Esattamente 7 anni moriva sulle strade del Giro d’Italia il campione belga Wouter Weylandt  (Gand, 27 settembre 1984 – Mezzanego, 9 maggio 2011).

Era la terza tappa del #Giro94 e si stava percorrendo la discesa del Passo del Bocco, tra Liguria ed Emilia Romagna, quando il velocista belga tocca con la pedivella il muretto di protezione e vola  a terra sbattendo violentemente il capo.

Subito le condizioni apparvero gravi e non passò molto tempo da li all’annuncio del decesso. Tutto il mondo del pedale visse momenti tragici e non mancarono le molte polemiche sulla sicurezza sulle strade, sulla prevenzione e quant’altro.

Ritornarono alla mente, inevitabilmente, i ricordi dell’incidente di Fabio Casartelli  che morì, il 18 luglio del 1995, in seguito alle conseguenze di una caduta lungo la discesa del Colle di Portet-d’Aspet  durante lo svolgimento del Tour de France.
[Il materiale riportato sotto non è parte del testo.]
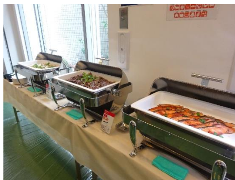
ビュッフェ形式の選手レストラン

シダックスグループは、同大会では2年連続となる食事提供業務の受託となり、トータルアウトソーシング事業本部が本業務を担当。すべてのメニューを、 大規模な国際スポーツイベントや公的機関等でトップアスリートへの食事提供実績・ノウハウを有する公認スポーツ栄養士(※)の資格を持つ当社の管理栄養士が作成し、期間中の食事提供を行います。

Le immagini sia dell’incidente di Fabio che di quello di Wouter, per chi le ha vissute in diretta come me, rimarranno sempre impresse nel cuore e nella mente.

Wouter passò professionista nel 2005 con la Quick Step dove diventa uno degli uomini fondamentali del treno di Tom Boonen. Nel 2011 transitò nella Leopard – Trek, team nuovo nel quale poté militare pochi mesi a causa del fatale incidente accadutogli proprio il 9 maggio.

Furono momenti terribili per la famiglia ed oggi vogliamo ricordare soprattutto loro che vissero il dramma in diretta.

Ancora oggi tutto il mondo del ciclismo vuole abbracciare i suoi cari e mostrare a loro la  vicinanza ricordando il giovane velocista che ora pedala su altre strade, sicuramente, molto meno insidiose e pericolose di quelle che tutti conosciamo.

Ciao Wouter.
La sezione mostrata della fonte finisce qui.